The addition of a proton pump inhibitor to both imrecoxib and diclofenac was advised. Imrecoxib provides a valuable option for patients with osteoarthritis. Uncertainties existed in the model, and the suggestions can be adopted with caution.

Osteoarthritis (OA) is a chronic disease with a high prevalence of 46.3% in Chinese who aged 40 years-old and above [1]. OA is associated with high disability rate, which can increase the incidence of cardiovascular disease (CV) and all-cause mortality rate, accounting for the main cause of disability in many countries [2]. According to the recommendations from both American Academy of Orthopedic Surgeons (AAOS) and Osteoarthritis Research Society International (OARSI), the use of Nonsteroidal anti-inflammatory drugs (NSAIDs) was highly recommended, which was also listed as first-line drugs managing OA in Chinese Guideline for Diagnosis and Treatment of OA [2,3,4]. There are two types of NSAIDs: traditional NSAIDs and newly developed selective COX-2 inhibitors. Similar efficacy of pain relief was found in both traditional NSAIDs and COX-2 inhibitors, while traditional NSAIDs were associated with gastrointestinal (GI) side effects and selective COX-2 inhibitors were developed to reduce GI adverse events [3, 5]. Meanwhile, cardiovascular (CV) adverse events were found in both traditional NSAIDs and COX-2 inhibitors.

Imrecoxib is a Chinese-patent COX-2 inhibitor, which was approved by the Chinese Food and Drug Administration (CFDA) in 2011. Diclofenac is a traditional NSAID, which was prescribed widely in managing OA. Imrecoxib was reported to have a lower rate of GI adverse events [6], but a higher drug price, the long-term cost-effectiveness of imrecoxib stay unknown. The National Institute for Health and Care Excellence (NICE) published a guideline (CG 59) for the management of OA in 2008 [7, 8]. In the guideline, the cost effectiveness of NSAIDs, selective COX-2 inhibitors, selective COX-2 inhibitors + proton pump inhibitor (PPI), and NSAIDs + PPI were compared. It drew up efficacy and safety data from three randomized controlled trials (RCTs): CLASS (celecoxib, ibuprofen, and diclofenac), MEDAL (etoricoxib and diclofenac), and TARGET (lumiracoxib, naproxen, and ibuprofen). It assumed that the NSAIDs included had same efficacy of pain relief when managing OA but with different GI and CV risks, and therefore had different cost-effectiveness. Furthermore, NICE also provided an OA model which was widely used in different regions to explore the cost-effective of drugs managing OA from the perspective of their local healthcare system, which provides an efficient way to conduct cost effectiveness for drugs managing OA [5, 9,10,11].
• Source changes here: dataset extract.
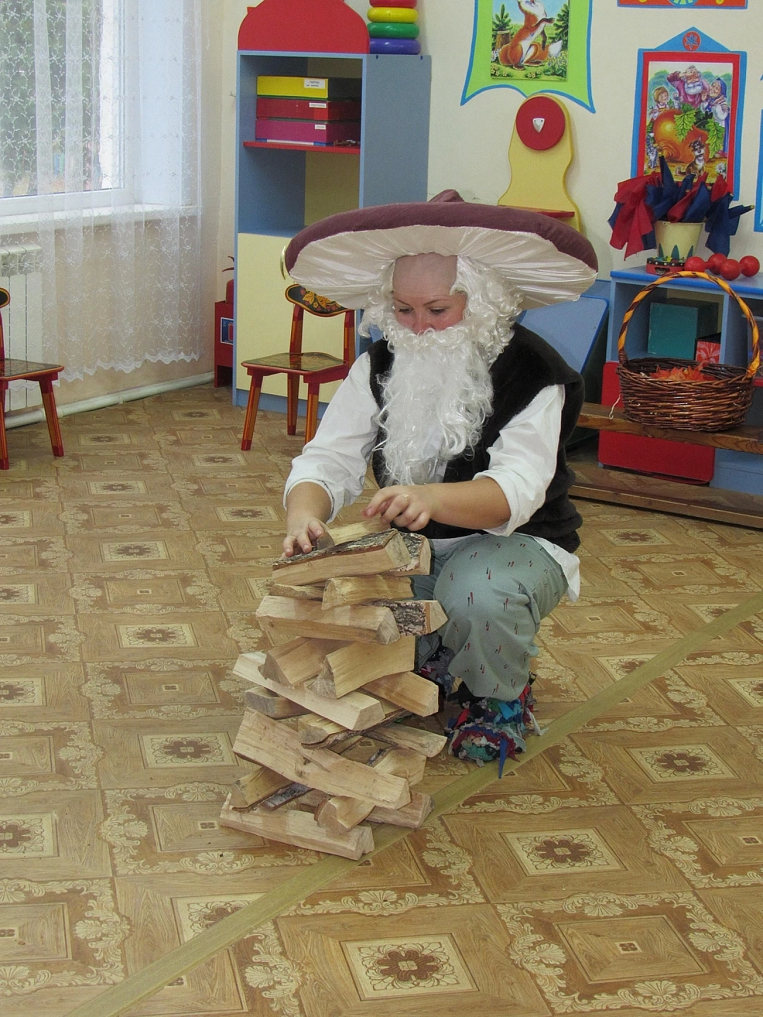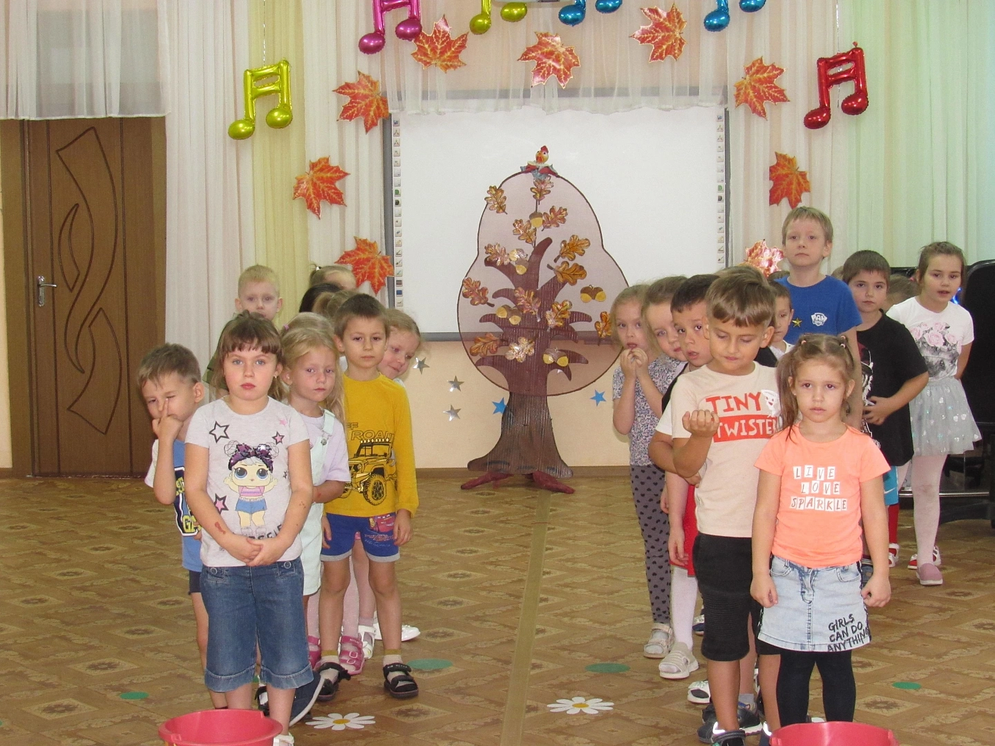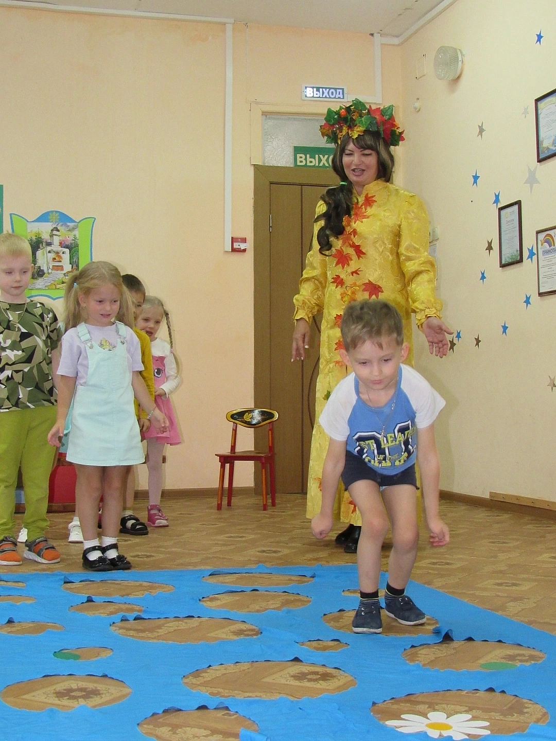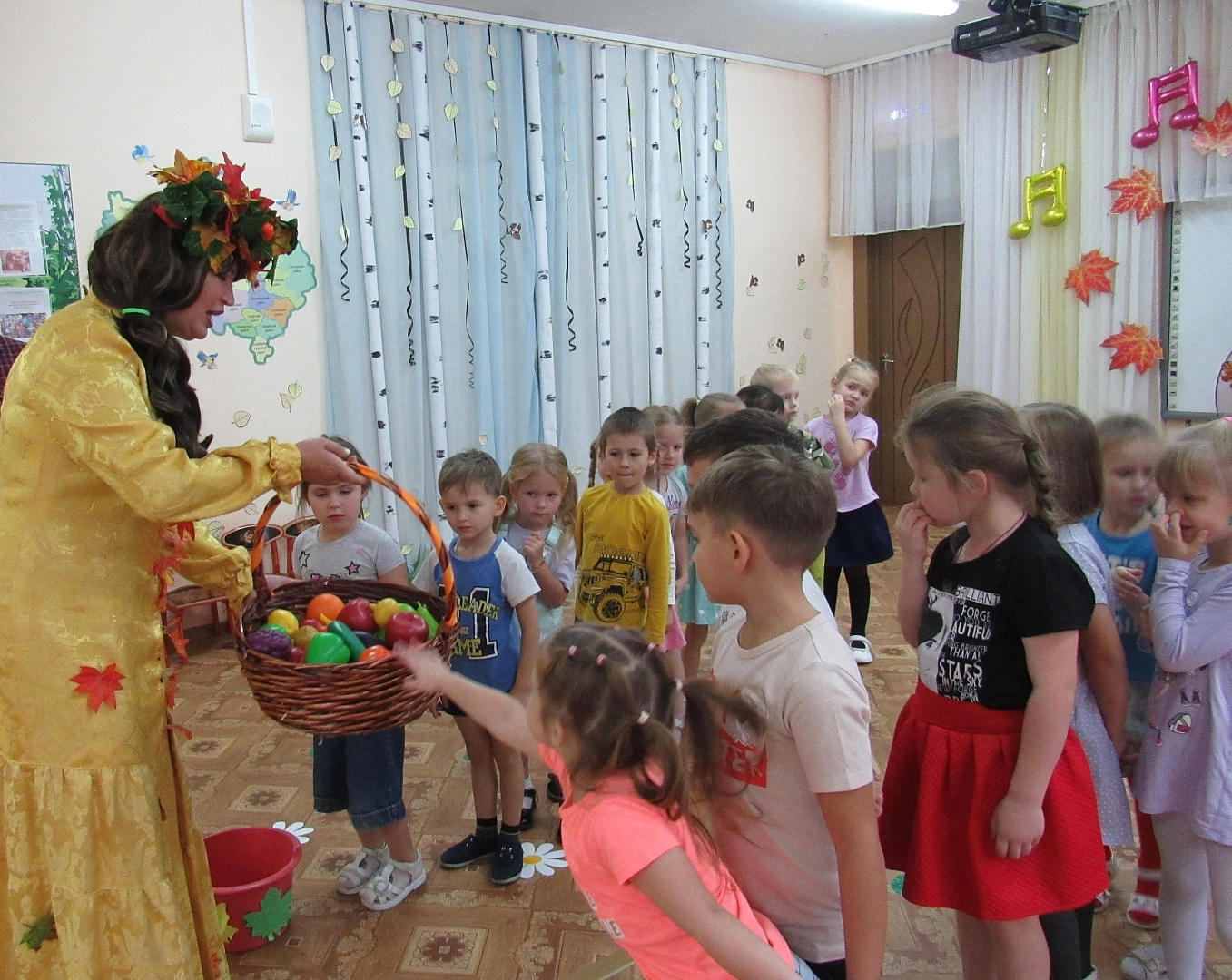 В гости к ребятам пришли сказочные герои: красавица Осень и добродушный Старичок-боровичок. Ребята с огромным удовольствием пели песни, танцевали, играли в такие игры, как "Собери урожай", "Перепрыгни через лужи", "Запаси дрова на зиму".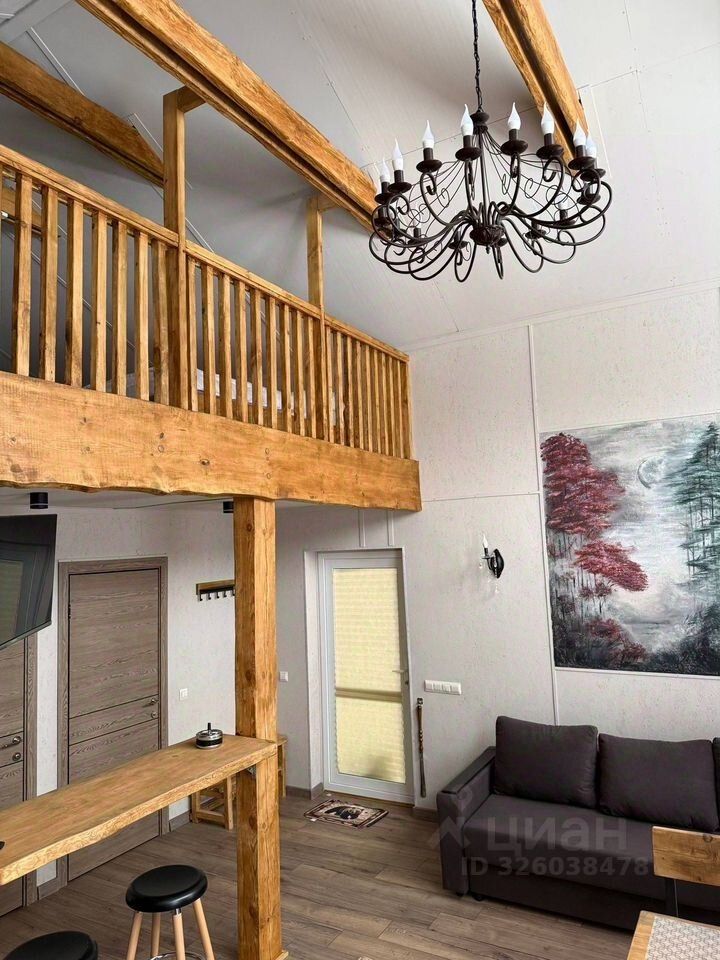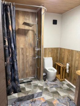 1-й этаж — просторная гостиная с большим диваном и обеденным столом, кухонный уголок, современный санузел с душевой.

The objective of this study is to perform a cost utility analysis of imrecoxib and diclofenac, and also the addition of a PPI to both imrecoxib and diclofenac for patients with osteoarthritis. The model used in the present study was based on the OA model provided by the NICE, the analyses were conducted from the perspective of Chinese healthcare system, hoping to provide suggestions for relevant stakeholders.

The model used in the present study is a cost-utility analysis based on the CG59 NICE OA model, which is a Markov model. The outcomes are increased cost, increased quality adjusted life years (QALYs), and incremental cost-effectiveness ratio (ICER). In addition, the present study was performed in accordance with the consolidated health economic evaluation reporting standards (CHEERS) (Additional file 1: Table S7). This study was approved by the institutional review board of Zhejiang University School of Public health, and no human subjects were involved.

Comparators

In the present study, we compared the cost effectiveness of imrecoxib (100 mg twice a day, 100 mg BID) versus (vs.) diclofenac (50 mg three times a day, 50 mg TID), with and without the addition of omeprazole co-prescription (200 mg QD). Imrecoxib was chosen because it’s a relatively new selective COX-2 inhibitor developed in China in 2011, and its cost effectiveness was not fully known, which caused great interest on its cost-effectiveness in the healthcare system of China. Diclofenac is a widely-used traditional NSAID in managing OA. There’s necessity to compare the cost-effectiveness between the two drugs, to provide more suggestions for relevant departments in China when managing OA from the perspective of long-term cost-effectiveness. The addition of a PPI was considered to be more cost-effective than single drug in the NICE guideline, however, the cost-effectiveness of the addition to imrecoxib still stay unknown. Therefore, the addition of omeprazole to imrecoxib and diclofenac was also considered in the analysis, which was widely used as a PPI for patients with osteoarthritis.

Model description

Both of the efficacy and safety of different treatment strategies were taken into consideration in the present model. The details of the model can be found in the NICE guideline (Additional file 1: Figure S1) [7, 8]. The health states that make up the Markov model represent a range of possible adverse events (AEs): GI symptoms, symptomatic ulcer, complicated GI, myocardial infarct (MI), stroke and heart failure (HF). Except for GI discomforts, other AEs are assumed to have continuing impact over the patients’ remaining lifetimes, therefore, there’re five post AE states: post symptomatic ulcer, post complicated GI, post MI, post stroke, and post HF. In addition, death and normal states without AEs are also included in the model. Each health state has associated cost and QALYs. It was assumed that once a patient has an AE (except for GI discomforts, because GI discomforts was supposed to be a minor AE and patients in that state don’t need to stop the medication), they would stop the medication and stay in that post state until dead.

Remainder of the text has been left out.